A: I think it happened unconsciously as we pursued the best writers from around the world.
Then, seven or eight years into the program, we developed the idea of having a special series dedicated to a single country or subject.
It started with two countries celebrating their 50th anniversary of independence: Israel and then India. We used these occasions as "hinge moments" to capture a complex picture of the country's past, present and future through their writers, thinkers and artists.
Over the years, we've featured Russia, Turkey, Brazil, Central Europe, Argentina, Spain, Australia with an emphasis on its aboriginal writers, the former Yugoslavia, "Writing in the World of Islam" following 9/11, Chile, and many more, leading up to this year's focus on a changing Germany.
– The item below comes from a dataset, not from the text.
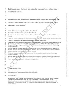 Cold-induced serum short-chain fatty acids act as markers of brown adipose tissue metabolism in humans

Q: Which Writers & Company interviews have stuck with you and why?
A: There are too many to count.
I've now published four books of interviews, and each one features 15-20 stimulating, thoughtful conversations with terrific writers, plus a fifth book: a collection of my interviews with Carol Shields.
When I selected 15 writers for my new book, I realized I could easily select another 15 without any diminishment of quality. I'm not being an adman – just look at the tables of contents.
Q: Montreal's Blue Metropolis literary festival has been going on for almost as long as Writers & Company - 18 years. And you've been a presence at the festival for 17 of those 18 years! How is Blue Met different from other literary festivals that you attend?
A: Just being in Montreal with its tremendous joie de vivre and savoir faire and je ne sais quoi confers a different atmosphere from other festivals.
Not to mention that Montreal is my home town so I'm always running into people – friends, new and old – I feel connected to.
Blue Met also emphasizes languages and cultures in addition to French and English so I've had the pleasure of interviewing past prize winners, such as Mexican writers Luis Alberto Urrea and Carlos Fuentes, and Egyptian author Alaa Al Aswany.
Q: What have been some of your best/most exciting or most memorable moments at Blue Met? Why?
A: Grabbing Nobel Prize-winning poet Derek Walcott's hand to make sure he accompanied me onto the stage since moments earlier, he demurred.
Talking to Grand Prix winner Joyce Carol Oates, who was surprisingly funny for such a dark writer.
Spending time again with winners A. S. Byatt and Colm Toibin.
Meeting former Gourmet magazine editor and remarkable memoirist Ruth Reichel who had just done a special issue on food in Montreal, with audience members debating where the best smoked meat was to be found.
In 2001, hosting the announcement of a brand new poetry prize, the Griffin Award.
Q: What are you most looking forward to at this year's Blue Met festival?
The opportunity to talk to one of our best poets, Anne Carson, again and the chance to meet with Montreal audiences who are pretty great.
HERE IS THAT EVENT:
- Blue Met's 2016 Grand Prize Event: Anne Carson Interviewed by Eleanor Wachtel, host, Writers & Company
- When: Saturday, April 16 at 4:00 p.m.
- Where: Main Auditorium of Montreal's Grande Bibliothèque (1746 Avenue Savoie, Montreal)
Q: After conducting hundreds of interviews with authors, you will be the subject of an interview at one of this year's festival events. Montreal writer and critic Will Aitken will interview you about your 25 years on Writers & Company. How are you feeling about being in the hot seat this time?
There's a reason I prefer the cool seat, where I don't have to actually answer anything.
Will has assured me he's busy preparing "ferociously difficult questions," not only about 25 years on Writers & Company but also about my new book of interviews, so I think I may have to hire someone to stand in for me.
Luckily, I work in radio so no one really knows what I look like.